The Senate voted last week to approve a historic financial regulatory reform bill that would make sweeping changes in how the financial system is regulated.

The 59 to 39 vote came after the Senate voted to close off debate earlier in the day, even with hundreds of amendments still pending. Some of those amendments may still be taken up when House and Senate negotiators meet to reconcile the two versions of the bill. The House passed its version last December.

President Obama hailed passage of the bill, his main legislative priority following passage of the health care reform legislation. "Over the past year, the financial industry has repeatedly tried to end this reform with hoards of lobbyists and millions of dollars of ads," he said. "When they couldn't kill it, they tried to water it down. Taxpayers will never again be asked to foot the bill for Wall Street's mistakes. There will be no more taxpayer-funded bailouts. Period."

Senate Banking Committee Chairman Christopher Dodd, D-Conn., who introduced the legislation, has talked about introducing a Manager’s Amendment that could contain some of the proposed amendments, but any changes would likely have to be added during the conference committee process. Senate Majority Leader Harry Reid, D-Nev., and the Obama administration have pushed for quick passage of the bill in order to complete other Senate business, including approval of funding for the military, before recess.

Most Republicans voted against the bill. "This bill is flawed," said Sen. Richard Shelby, R-Ala., ranking member of the Senate Banking Committee. "This bill promises more government, more costs, slower economic growth, and fewer jobs. It threatens privacy rights and fails to address crucial elements of the recent crisis."

Four Republican senators joined the majority of Democrats in voting to approve the bill: Scott Brown of Massachusetts, Charles Grassley of Iowa, and Olympia Snowe and Susan Collins of Maine. Two Democrats whose amendments had not yet been considered voted against the bill: Russ Feingold of Wisconsin and Maria Cantwell of Washington. Cantwell had wanted to close loopholes in the regulation of derivatives of trading. She and Feingold also wanted to re-impose Glass-Steagall-like barriers between investment banking and commercial banking.

Treasury Secretary Timothy Geithner praised the passage of the bill, S.3217, the Restoring American Financial Stability Act of 2010.

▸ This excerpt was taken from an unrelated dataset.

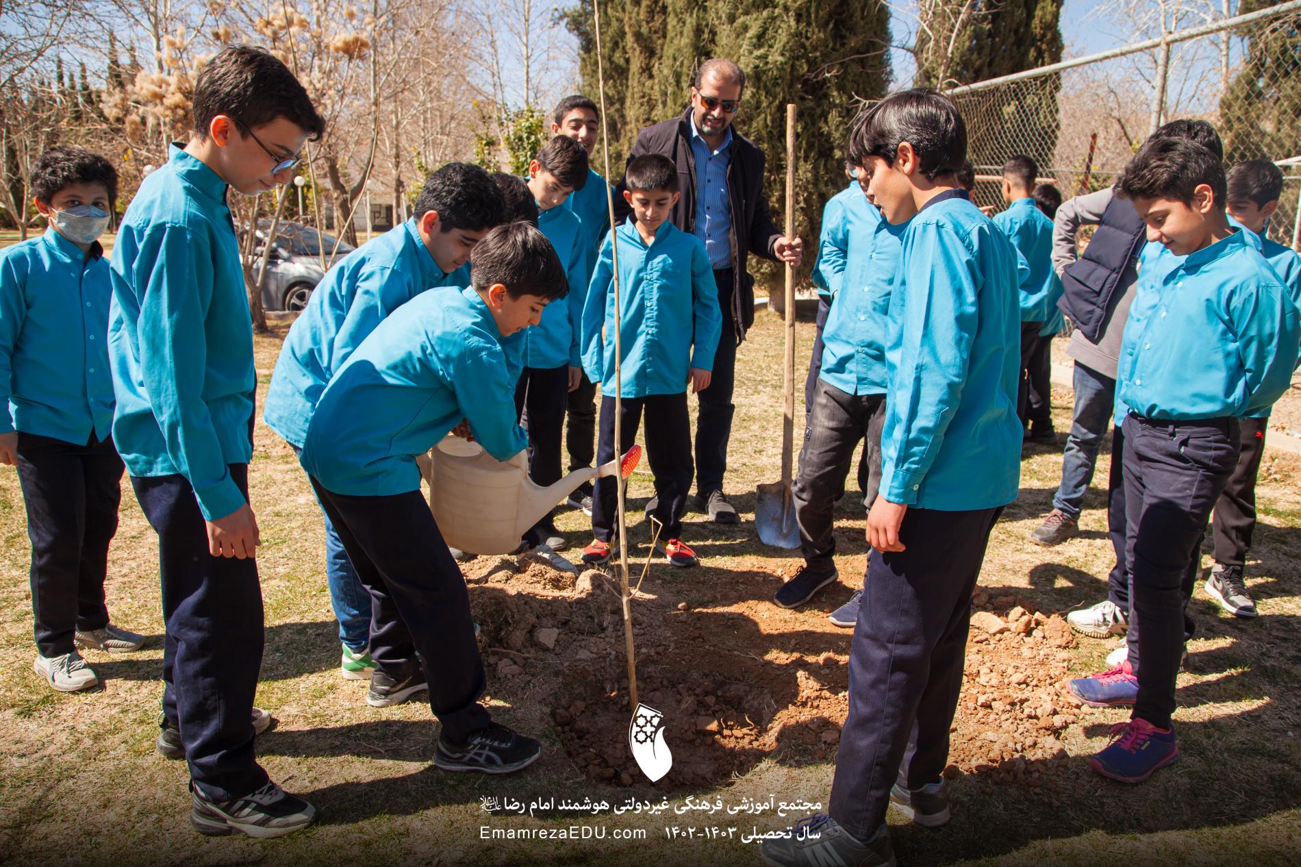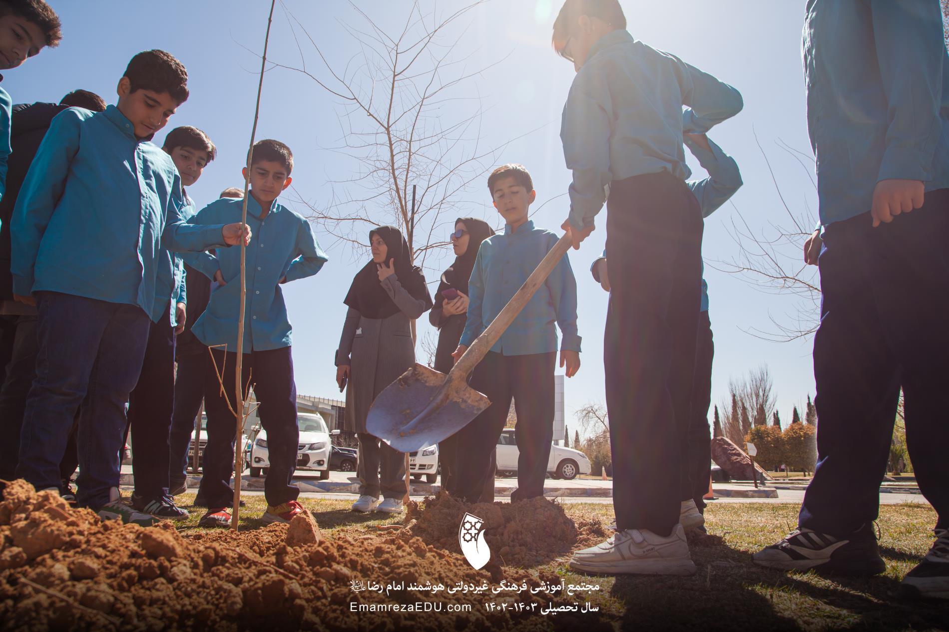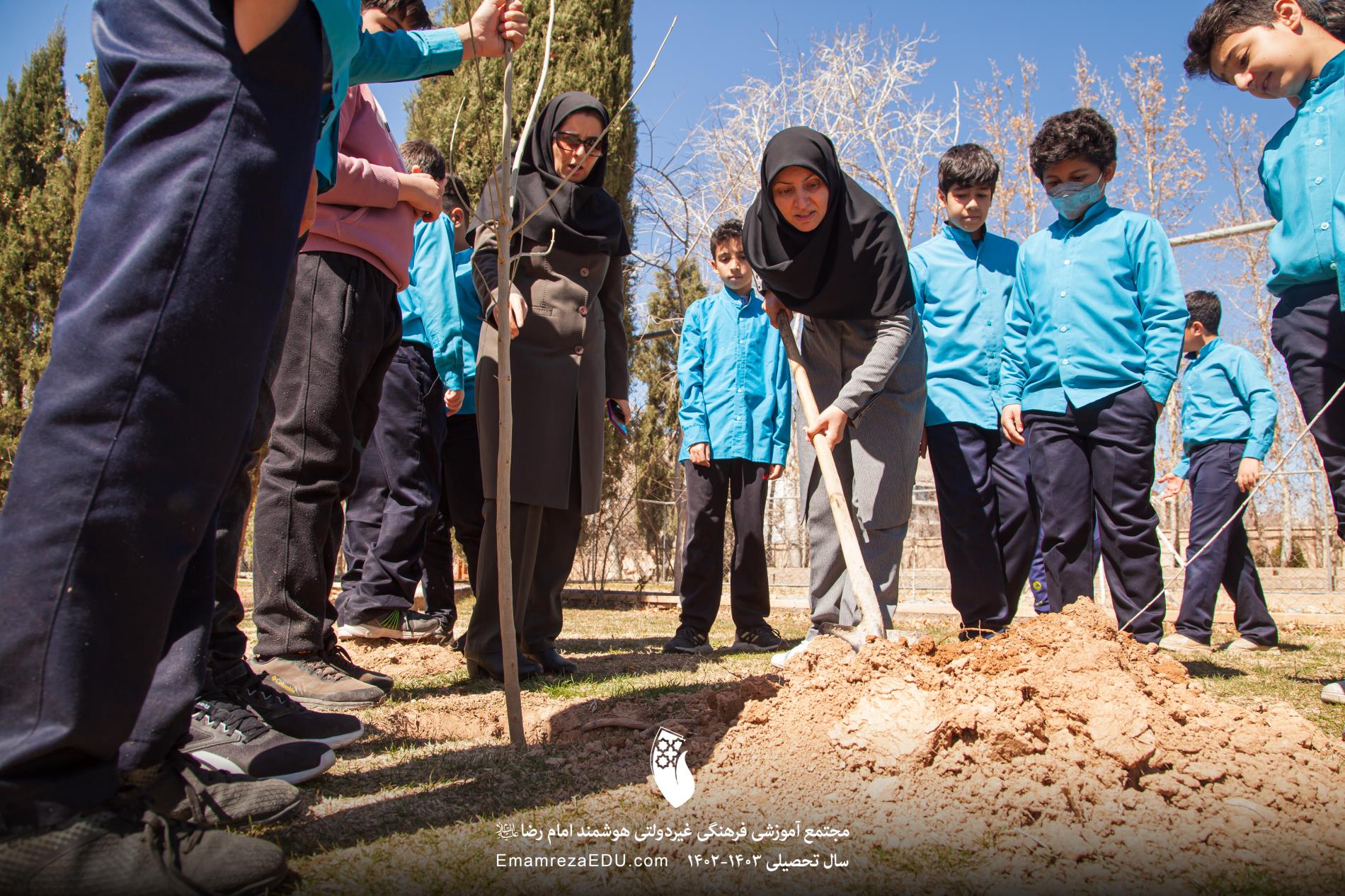 در دبستان امام رضا نیز به پاسداشت این روز دانش آموزان هر کلاس به صورت گروهی در حیاط مدرسه نهال کاشتند و به استقبال نوروز رفتند.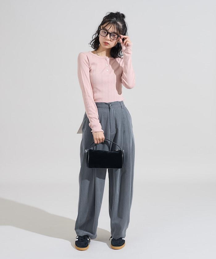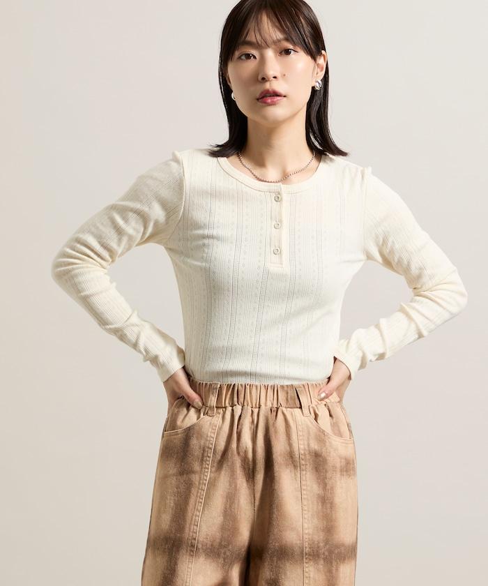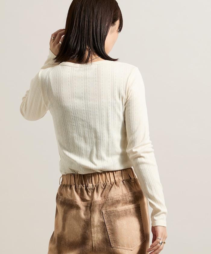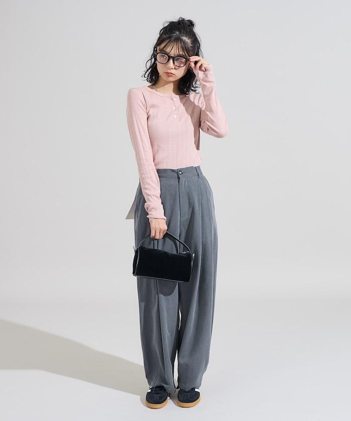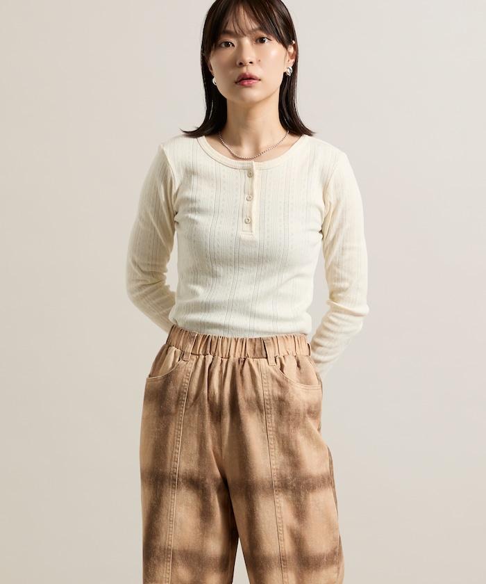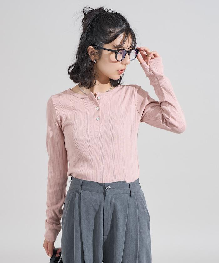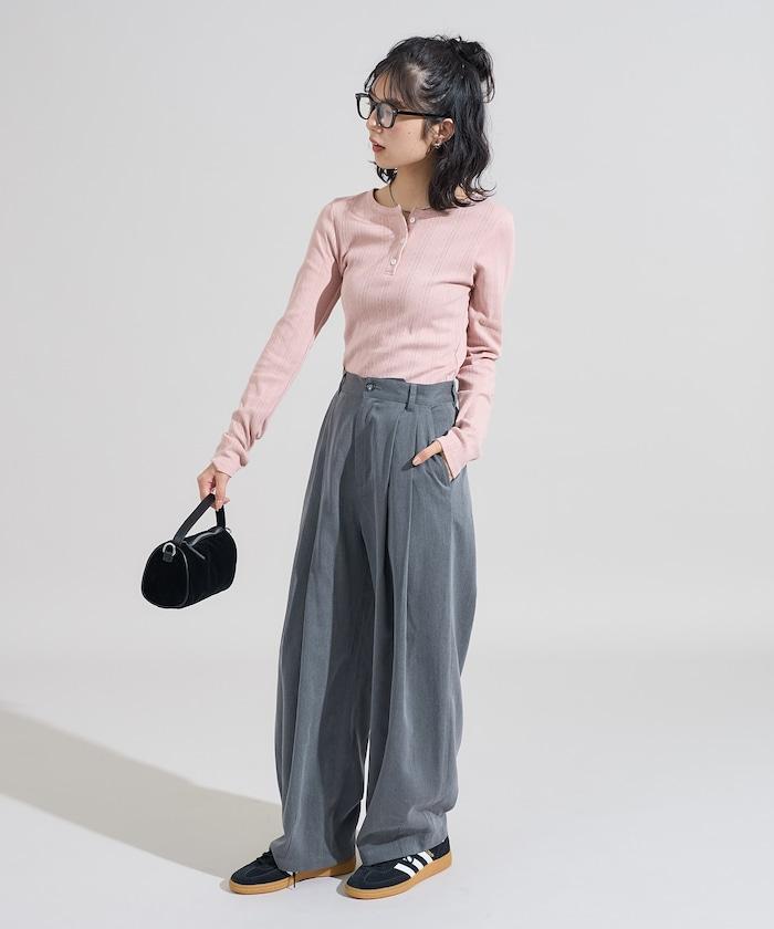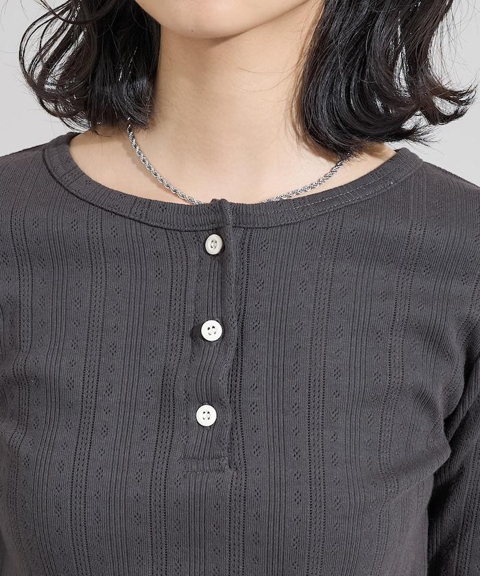 針織羅紋亨利領長袖T恤

“Today we stand closer than ever to enacting meaningful financial reform that will benefit every American family and business, help improve the competitiveness of our financial markets, and strengthen the safety and soundness of our financial system,” he said in a statement. “I commend Chairman Dodd and Majority Leader Reid for their tremendous leadership in passing the Restoring American Financial Stability Act of 2010. Today’s bipartisan vote follows many months of hard work. The House and Senate have now each passed strong bills that protect consumers, limit risk-taking by large institutions, and addresses the problem of ‘too big to fail.’ As we move ahead, I look forward to working with the House and Senate to produce a sensible, prudent reform bill that strengthens the American financial system and preserves our ability to innovate and compete in a global economy.”

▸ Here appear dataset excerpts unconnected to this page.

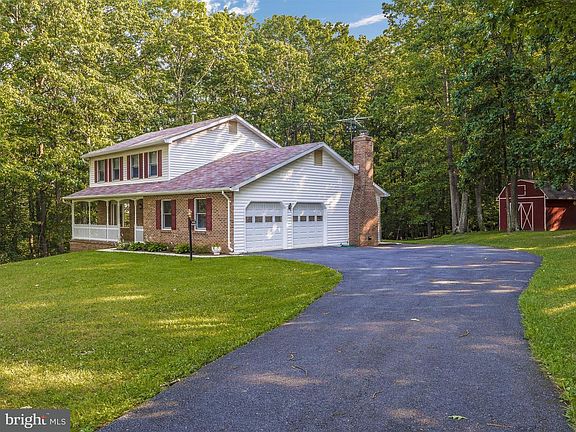 Freshly Painted & Carpeted Traditional Front Porch Colonial on 4.15 Acs! Kitchen & Breakfast Area opens to Family Room w/Gas Fireplace; Large Living Room w/Bay Window opens to Dining Room, 4 BR, 2 Full BAs on Upper, and One BR/Full BA and Den/Office & Storage Space on Lower Level; 2 Car Garage & Patio off Family Room nicely Compliment this Home - Minutes form the town of Mt Airy w/Amazing Views!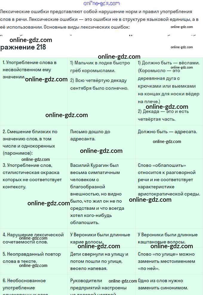 Готовые домашние задания по Русскому языку за 11 класс Учебник Львова, Львов Базовый и углубленный уровень 2016 - Упражнения 218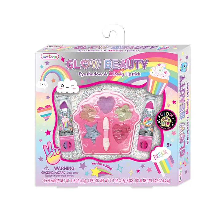 This glow set will not only beautify the cool girls but will also light up any room with the glow in the dark eyeshadow case. Contains: 1 Glow in the dark eyeshadow palette 2 Moody lipsticks 1 Eyeshadow Applicator

The bill would create a Consumer Financial Protection Bureau within the Federal Reserve, instead of the standalone Consumer Financial Protection Agency that is in the version of the bill that was approved by the House last December. Public accountants would be exempted from regulation by either the bureau or the agency.

The bill provides the SEC and the Commodity Futures Trading Commission with authority to regulate over-the-counter derivatives. Derivatives would have to trade over regulated exchanges and be cleared through central clearinghouses.

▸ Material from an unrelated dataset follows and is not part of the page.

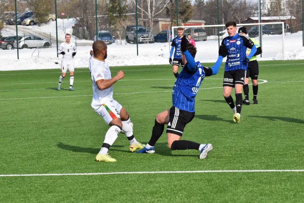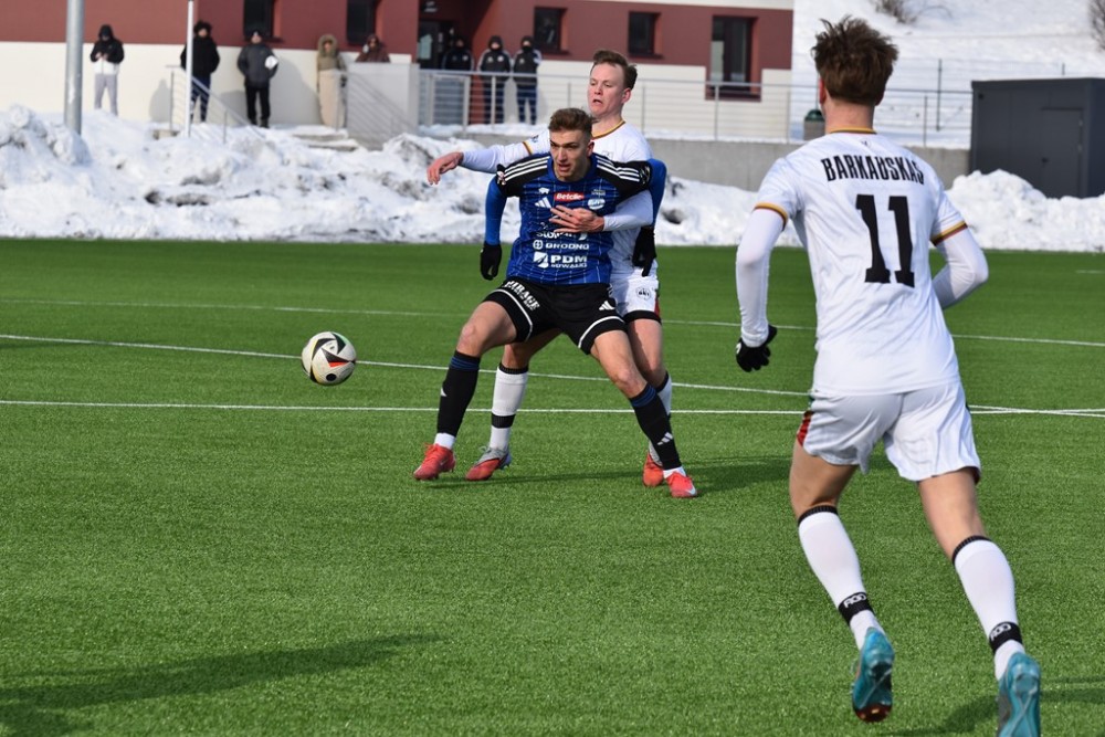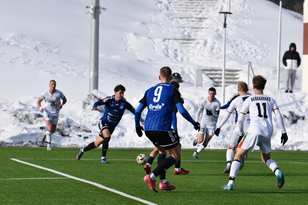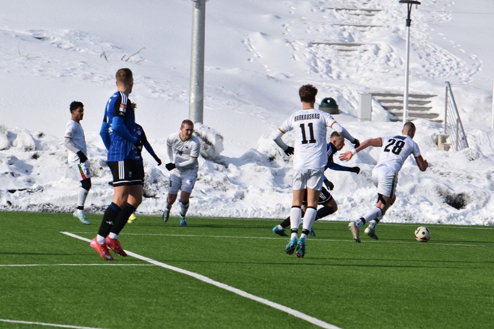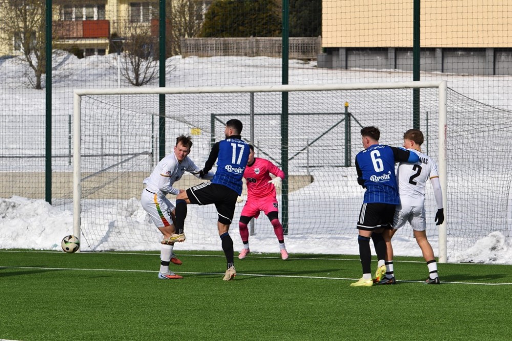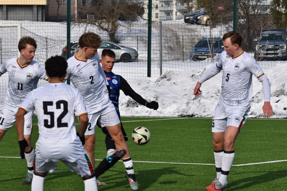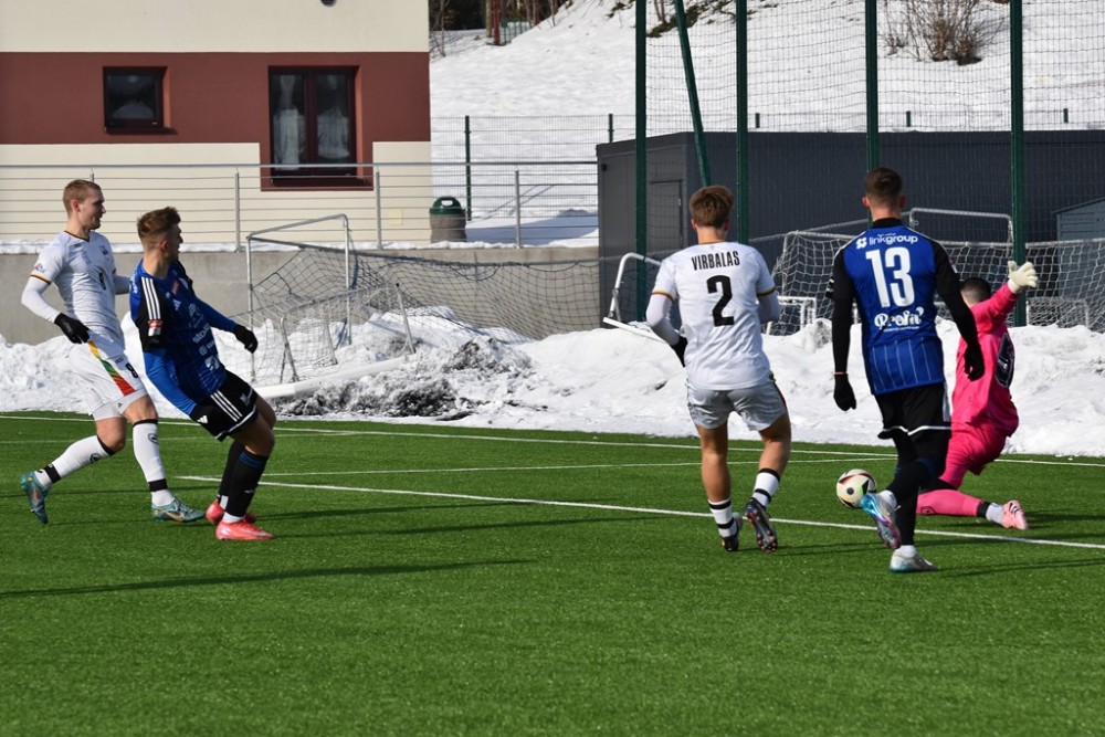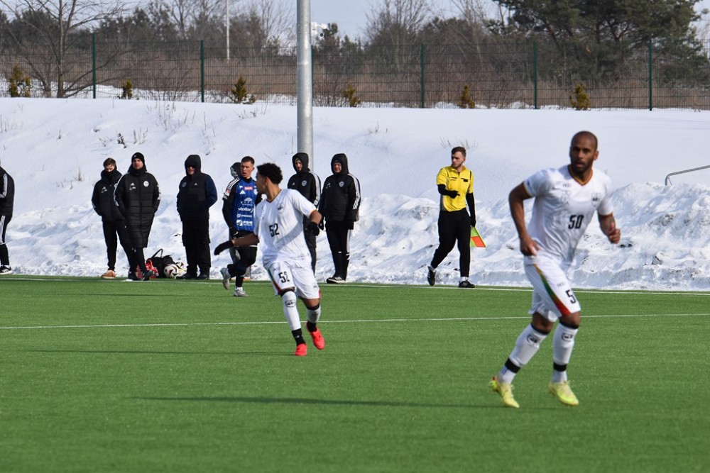 Na pierwszy ogień, przy słonecznej ale bardzo wietrznej pogodzie poszła ekipa z Jonavy, grająca w 1. Lidze litewskiej, czyli na drugim poziomie rozgrywkowym. Przeciwko niej Wigry wyszły w najsilniejszym zestawieniu, chociaż Arkadiusz Szczerbowski podkreśla, że walka o miejsce wyjściowym składzie trwa non-stop.

The Sarbanes-Oxley Act would be amended to authorize the Public Company Accounting Oversight Board to share certain information with foreign authorities, and to give the PCAOB the ability to regulate auditors of brokers and dealers.

The bill would also streamline bank supervision by eliminating the Office of Thrift Supervision. The Federal Deposit Insurance Corp. would regulate state banks and thrifts of all sizes and bank-holding companies of state banks with assets below $50 billion. The Office of the Comptroller of the Currency would regulate national banks and federal thrifts of all sizes and the holding companies of national banks and federal thrifts with assets below $50 billion. The Federal Reserve would regulate bank and thrift holding companies with assets of over $50 billion. The legislation would leave in place the state banking system that governs most community banks.

Hedge funds would be required to register with the SEC as investment advisors and provide information about their trades and portfolios necessary to assess systemic risk. This data would be shared with a systemic risk regulator, and the SEC would report to Congress annually on how it uses this data to protect investors and market integrity.

Shareholders would be given a say on pay with the right to a non-binding vote on executive pay at public companies. The legislation also gives the SEC authority to grant shareholders proxy access to nominate directors, and requires directors to win by a majority vote in uncontested elections. To be listed on an exchange, compensation committees would need to include only independent directors. They would have the authority to hire outside compensation consultants.